Wednesday, June 13, 2018

Did You See That?

So TigerBlog Jr. was right at the finish line for a Triple Crown winner.

That's somewhat historical, no?

It's led TigerBlog to a question for all of you out there. What's the most famous athletic event you've ever seen live?

One of the beauties of sports is that you never know when you're going to see an epic event. Pick any random night of the Major League Baseball season. If you have tickets to a game, you're not likely to see something that nobody will ever forget - but there is that chance.

Maybe you'll see a no-hitter. Maybe someone will make the greatest catch of all time. Maybe someone will hit four home runs.

Maybe you'll see a disallowed home run because of a rules technicality that results in having one of the greatest players ever completely lose his mind, leading to a protest, an overturned on-field decision and a whole lot of bizarre stuff. That would be the famous George Brett "Pine Tar" game.

That was back on July 24, 1983. TigerBlog, who was only in the old Yankee Stadium a handful of times in his life (and has never been in the new one, though he figures he will be when Princeton plays football there against Dartmouth in 2019).

He was there for the Pine Tar game.

Don't remember it? Watch THIS video.

George Brett, by the way, is one of TigerBlog's all-time favorite baseball players, largely because he spent his career doing things like he did that day to those damn Yankees. Brett was a first-ballot Hall-of-Famer with 3,154 career hits, and he's the only player to win a batting title in three different decades. He also hit .390 in 1980, for the best batting average a player has had since Ted Williams hit .406 in 1941.

That day in 1983 was the only time TigerBlog ever saw Brett play live. He went to Shea Stadium once to see another of his all-time favorites, Greg Maddux of the Braves, pitch against the Mets, and Maddux barely made it out of the fourth inning or so on a rare day when he got shelled.

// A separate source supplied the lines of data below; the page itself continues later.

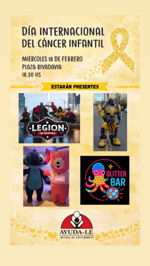 Hoy, desde las 18:30 horas habrá actividades para toda la familia en la Plaza Rivadavia, por el Día Internacional contra el Cáncer Infantil.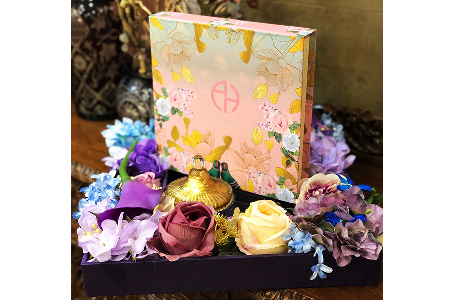 Make your guests experience sheer opulence with one of the most stunning setups of a luxurious invitation hamper by Puneet Gupta Invitations with a bed of faux floral garden and a beautiful hand-painted print on the invitation box that went along with handcrafted 24K gold foil work bowl.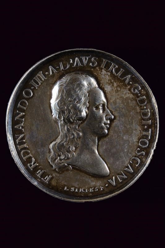 Granducato di Toscana, diametro 6 cm. primo quarto del XIX Sec. Medaglia premio in argento. Al dritto testa a destra ed iscrizione 'FERDINANDO III. A. D'AVSTRIA G. D. DI TOSCANA'. Opus L. SIRIES F. Al rovescio 'PREMIO DELLE REALI SCUOLE DELLE BELLE ARTI DI FIRENZE'. 88 g. Rara.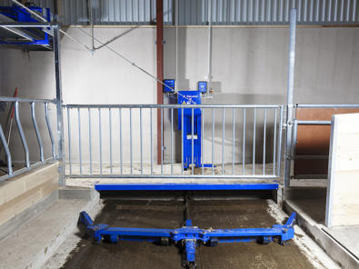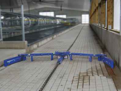 Straight blades offer a simply efficient scraper to clean away all types of manure and bedding. Depending on the kind of scraper, blades can cover alley widths from 1.2 to 5.2 meters. Blades are adaptable to the type of barn flooring: concrete, rubber, slatted or slopped floors. They are made of steel or plastic – plastic blades are designed to run better on rubber flooring. Besides cow-comfort features, they also take into consideration your needs and conveniently fold into a narrow shape, for example to let a tractor pass by in the alley.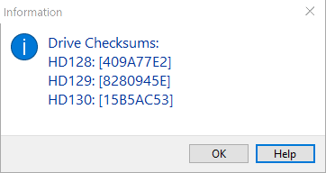 This utility shows you the checksums for currently open drives. This is helpful if you need to find out if the naming of your physical drives is still the same it was when you created a RaidProbe. Refer to the file raidinfo.txt that was created along with your RaidProbe.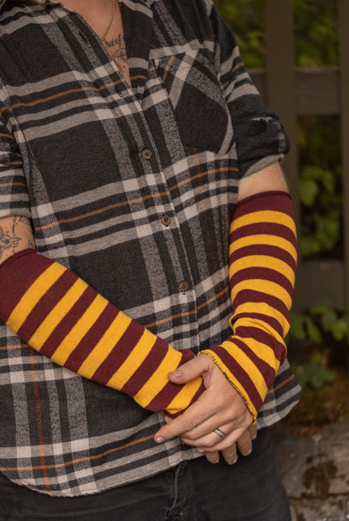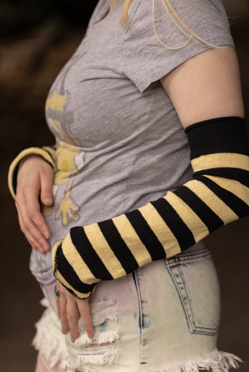 Sleeves are simple tubes, often with at least one finished end, that can be worn on either the legs or the arms. They're great for layering while keeping your hands free!

Like TB said, you never know when you're going to see history.

Then again, sometimes you do - like going to the Belmont Stakes when a horse has already won the Kentucky Derby and the Preakness. For TigerBlog, the Belmont Stakes is like Game 7, if a horse has already won the first two races, and like a Game 7 that is still played anyway if one horse has not won the first two.

TigerBlog has never been to a Game 7 live. He's been to, he believes, one NBA playoff game (1973 Eastern Conference final Game 4 as the Knicks beat the Celtics 117-110 in two OTs), no NFL playoff games and no NHL playoff games. He was there for the 1983 World Series between the Phillies and Orioles.

By the way the Orioles won that series in five games. None of those five games ran more than 2:50 and only one ran more than 2:35. The deciding game, a 5-0 Baltimore win, was played in 2:21.

TigerBlog will guess, sight unseen, that Game 5 of the 2018 World Series is in the fifth or sixth inning at the 2:21 mark.

So what is the most famous game you've ever been to? Certainly there have to be some of them.

How about Princeton games?

TigerBlog has certainly been to more than his share of famous ones. What would he have liked to have gone to that he missed?

Depends if you're talking time machine or missed it by a few years.

If you're talking time machine, then he'd probably like to have seen all of the following:

* Hobey Baker - can you imagine what a Princeton football game in, oh, 1913 looked like?
* Dick Kazmaier
* Bill Bradley at Dillon Gym
* a game in sold-out Palmer Stadium when there were horses parked outside
* the first football game back in 1869 (to see what people made of it)

If you're talking about just missed it, then he would have liked to have seen the earliest days of women's athletics here. His own memories go back to the late 1980s, when things had already evolved pretty far. He would have loved to see what they were like 10-15 years earlier, when women's teams were definitely second fiddle to the men, and how the women's athletes, coaches and administrators had to do things to earn that equality that the current generation would never dream of having to do.

Oh, and he would have loved to have seen the 1981 Princeton-Yale football game.